TASK ITEM. Repeat all the data exactly, and where a record holds a picture, leave that picture out.

· · ·

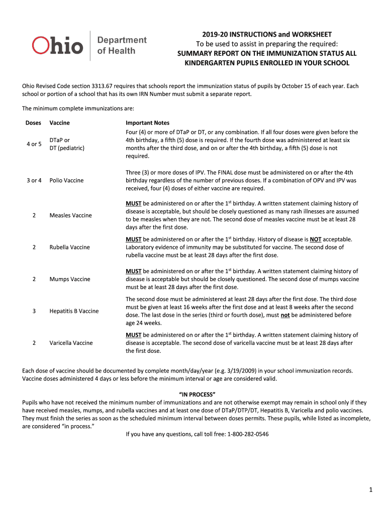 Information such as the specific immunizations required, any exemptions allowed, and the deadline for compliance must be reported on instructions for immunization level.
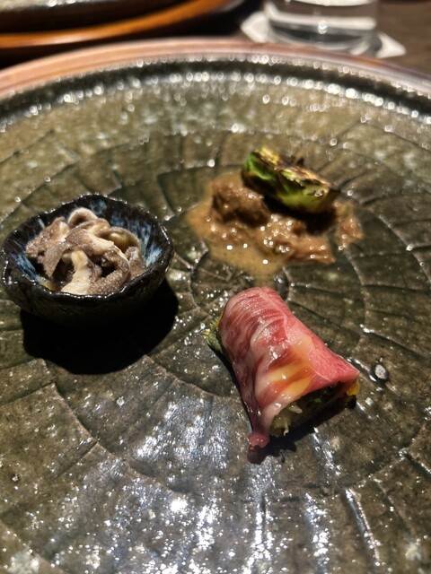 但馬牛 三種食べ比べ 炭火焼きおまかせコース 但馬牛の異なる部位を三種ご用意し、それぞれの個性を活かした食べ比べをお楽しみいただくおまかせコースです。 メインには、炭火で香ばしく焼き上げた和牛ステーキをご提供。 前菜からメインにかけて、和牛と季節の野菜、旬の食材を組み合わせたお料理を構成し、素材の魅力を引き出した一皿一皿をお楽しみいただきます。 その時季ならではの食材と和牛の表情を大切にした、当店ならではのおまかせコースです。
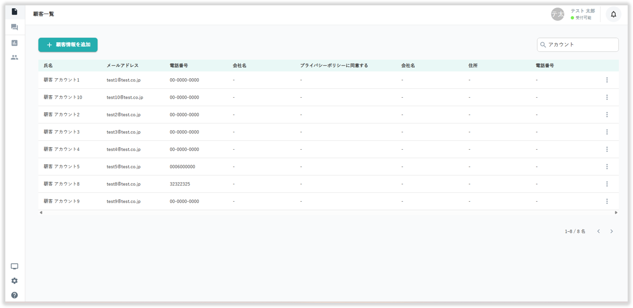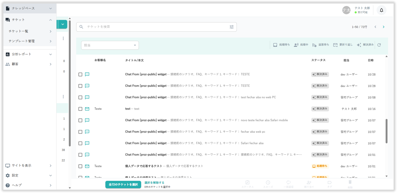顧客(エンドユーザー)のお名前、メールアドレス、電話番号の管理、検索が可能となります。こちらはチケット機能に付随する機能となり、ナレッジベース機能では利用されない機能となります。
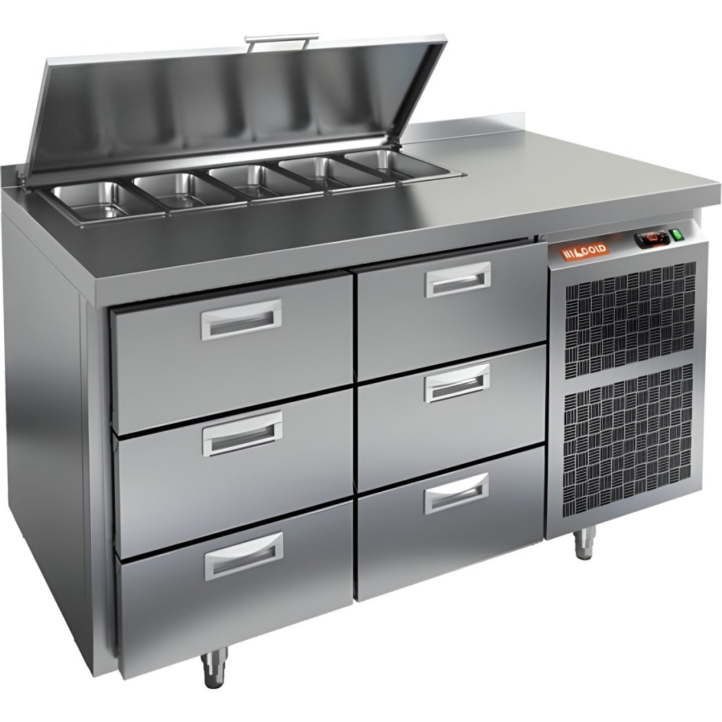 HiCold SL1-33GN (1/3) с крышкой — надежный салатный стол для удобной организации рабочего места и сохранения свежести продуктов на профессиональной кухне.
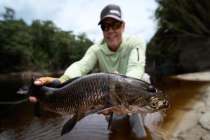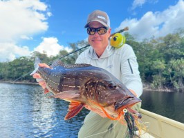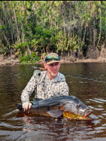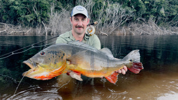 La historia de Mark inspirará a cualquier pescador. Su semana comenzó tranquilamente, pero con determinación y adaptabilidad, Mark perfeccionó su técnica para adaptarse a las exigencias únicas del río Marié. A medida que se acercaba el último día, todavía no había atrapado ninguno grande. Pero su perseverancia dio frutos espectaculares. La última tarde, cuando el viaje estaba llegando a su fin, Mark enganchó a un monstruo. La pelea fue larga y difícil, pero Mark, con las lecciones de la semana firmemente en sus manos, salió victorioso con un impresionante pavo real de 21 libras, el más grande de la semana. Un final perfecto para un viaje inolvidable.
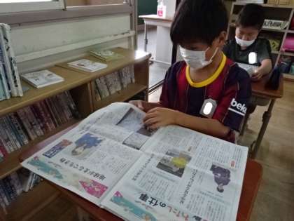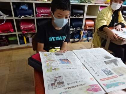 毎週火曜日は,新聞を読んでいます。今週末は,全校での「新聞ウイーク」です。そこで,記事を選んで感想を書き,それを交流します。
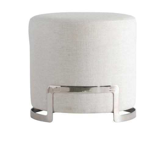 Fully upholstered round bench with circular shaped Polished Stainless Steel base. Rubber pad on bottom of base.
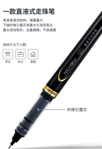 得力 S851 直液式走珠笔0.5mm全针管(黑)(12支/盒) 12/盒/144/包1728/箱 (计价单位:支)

· · ·

ANSWER SPACE.
 Information such as the specific immunizations required, any exemptions allowed, and the deadline for compliance must be reported on instructions for immunization level.
 但馬牛 三種食べ比べ 炭火焼きおまかせコース 但馬牛の異なる部位を三種ご用意し、それぞれの個性を活かした食べ比べをお楽しみいただくおまかせコースです。 メインには、炭火で香ばしく焼き上げた和牛ステーキをご提供。 前菜からメインにかけて、和牛と季節の野菜、旬の食材を組み合わせたお料理を構成し、素材の魅力を引き出した一皿一皿をお楽しみいただきます。 その時季ならではの食材と和牛の表情を大切にした、当店ならではのおまかせコースです。
顧客(エンドユーザー)のお名前、メールアドレス、電話番号の管理、検索が可能となります。こちらはチケット機能に付随する機能となり、ナレッジベース機能では利用されない機能となります。
 HiCold SL1-33GN (1/3) с крышкой — надежный салатный стол для удобной организации рабочего места и сохранения свежести продуктов на профессиональной кухне.
 La historia de Mark inspirará a cualquier pescador. Su semana comenzó tranquilamente, pero con determinación y adaptabilidad, Mark perfeccionó su técnica para adaptarse a las exigencias únicas del río Marié. A medida que se acercaba el último día, todavía no había atrapado ninguno grande. Pero su perseverancia dio frutos espectaculares. La última tarde, cuando el viaje estaba llegando a su fin, Mark enganchó a un monstruo. La pelea fue larga y difícil, pero Mark, con las lecciones de la semana firmemente en sus manos, salió victorioso con un impresionante pavo real de 21 libras, el más grande de la semana. Un final perfecto para un viaje inolvidable.
 毎週火曜日は,新聞を読んでいます。今週末は,全校での「新聞ウイーク」です。そこで,記事を選んで感想を書き,それを交流します。
 Fully upholstered round bench with circular shaped Polished Stainless Steel base. Rubber pad on bottom of base.
 得力 S851 直液式走珠笔0.5mm全针管(黑)(12支/盒) 12/盒/144/包1728/箱 (计价单位:支)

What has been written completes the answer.